There really isn’t a solid Python module for multiprocessing and MySQL. Now this may be because MySQL on a single server is disk bound and therefore limited in speed or just because no one has written it. So here is a quick and dirty example using the Pool module in multiprocessing in Python 2.6 and MySQLdb.

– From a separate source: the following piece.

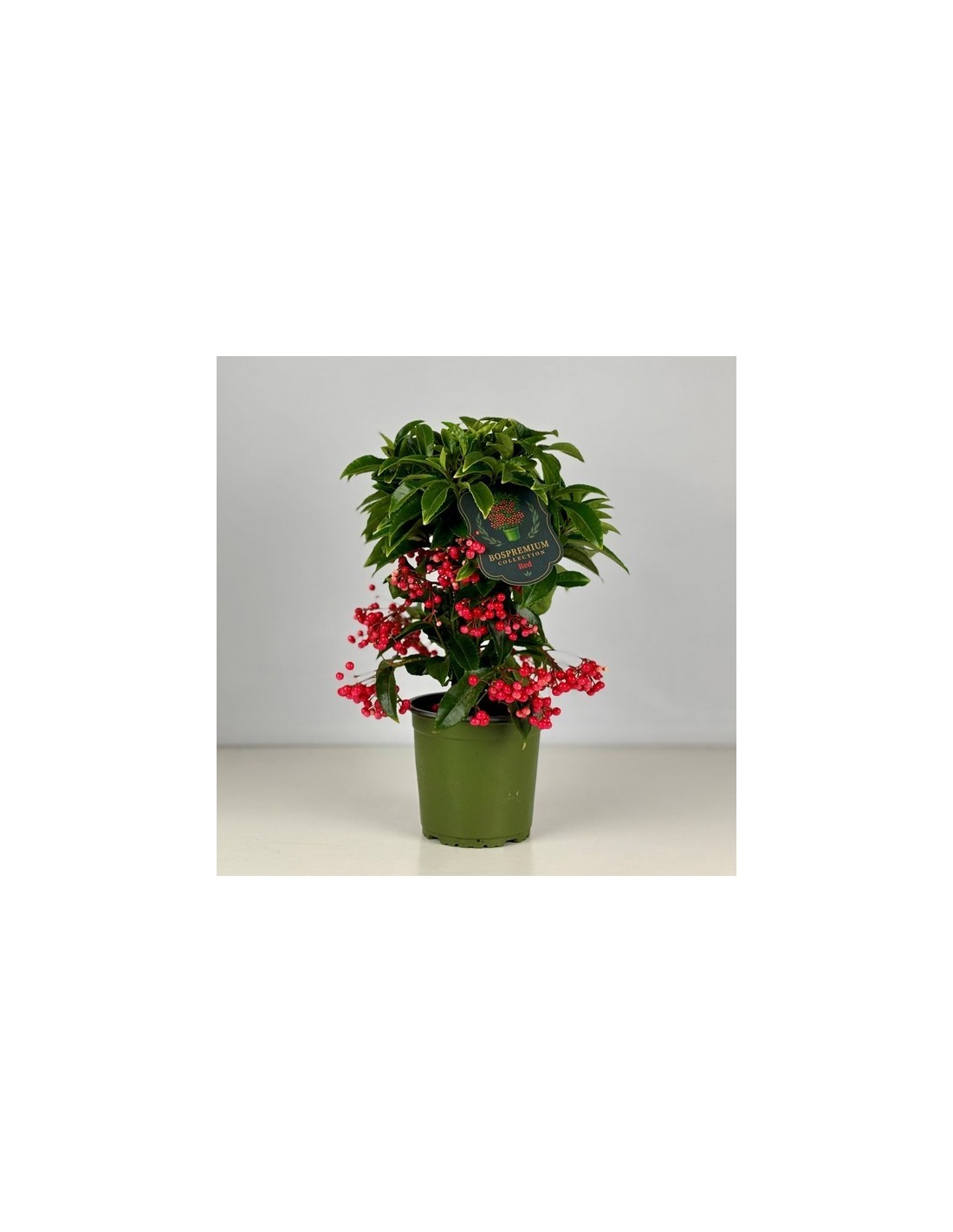 Destaca por su atractivo follaje verde brillante y sus decorativos frutos rojos que permanecen durante meses, aportando color y vitalidad a cualquier espacio.
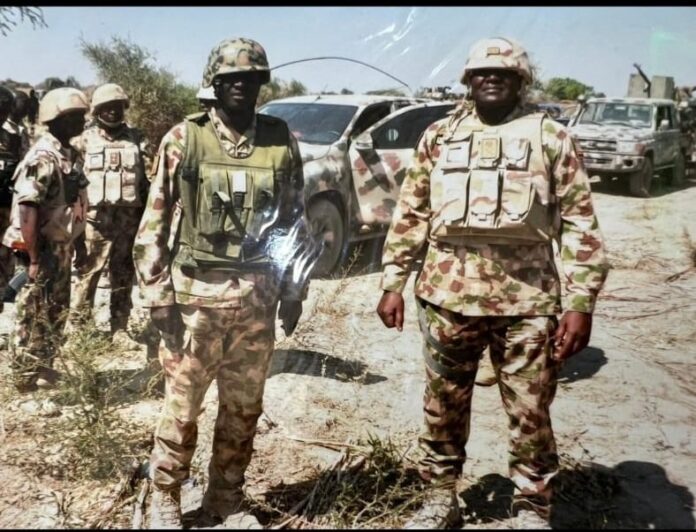 A striking image recently circulated online — showing General Shaibu alongside Major General Abdul Khalipha during the Tura Takai Bango Operation in Sambisa Forest — captures the essence of a leader who commands not from afar, but from the frontlines.

I also tried using PySQLPool. This was designed for threading and not forking as I am doing with Pool method. Although I am sure it is possible to use PySQLPool with forking by passing the connection (pool) object down to the child process or possibly doing something with IPC, I decided to keep it simple (although slightly more expensive) and instantiate MySQLdb connections upon fork.

import MySQLdb
import multiprocessing

def main():
    tablename = 'address_demographics'
    inserts = []
    id = 0
    max_id = 1000000
    while id < max_id:
        sql = """
        INSERT IGNORE INTO `%s` (person_id)
        SELECT person_id
          FROM `people`
         WHERE id BETWEEN %d AND %d
        """
% (tablename,id,(id + 100000))
        inserts.append(sql)
        id += 100001
    pool = multiprocessing.Pool(multiprocessing.cpu_count())
    pool.map(sqlWorkerInsert, inserts, 1)
    pool.close()
    pool.join()

def sqlWorkerInsert(sql):
    conn = MySQLdb.connect(host = "127.0.0.1",
                           user = "USER",
                           passwd = "PASS",
                           db = "DB")
    cursor = conn.cursor()
    # Need to do this since AUTOCOMMIT = 0 by default (wtf?)
    cursor.execute("SET AUTOCOMMIT=1")
    cursor.execute(sql)
    cursor.close()
    conn.close()

It may not be the cleanest method to open a new connection to MySQL for every worker subprocess. Since MySQL opens a new thread for every connection, I don’t think this is that big of a deal. However I am always open to new ways of doing things.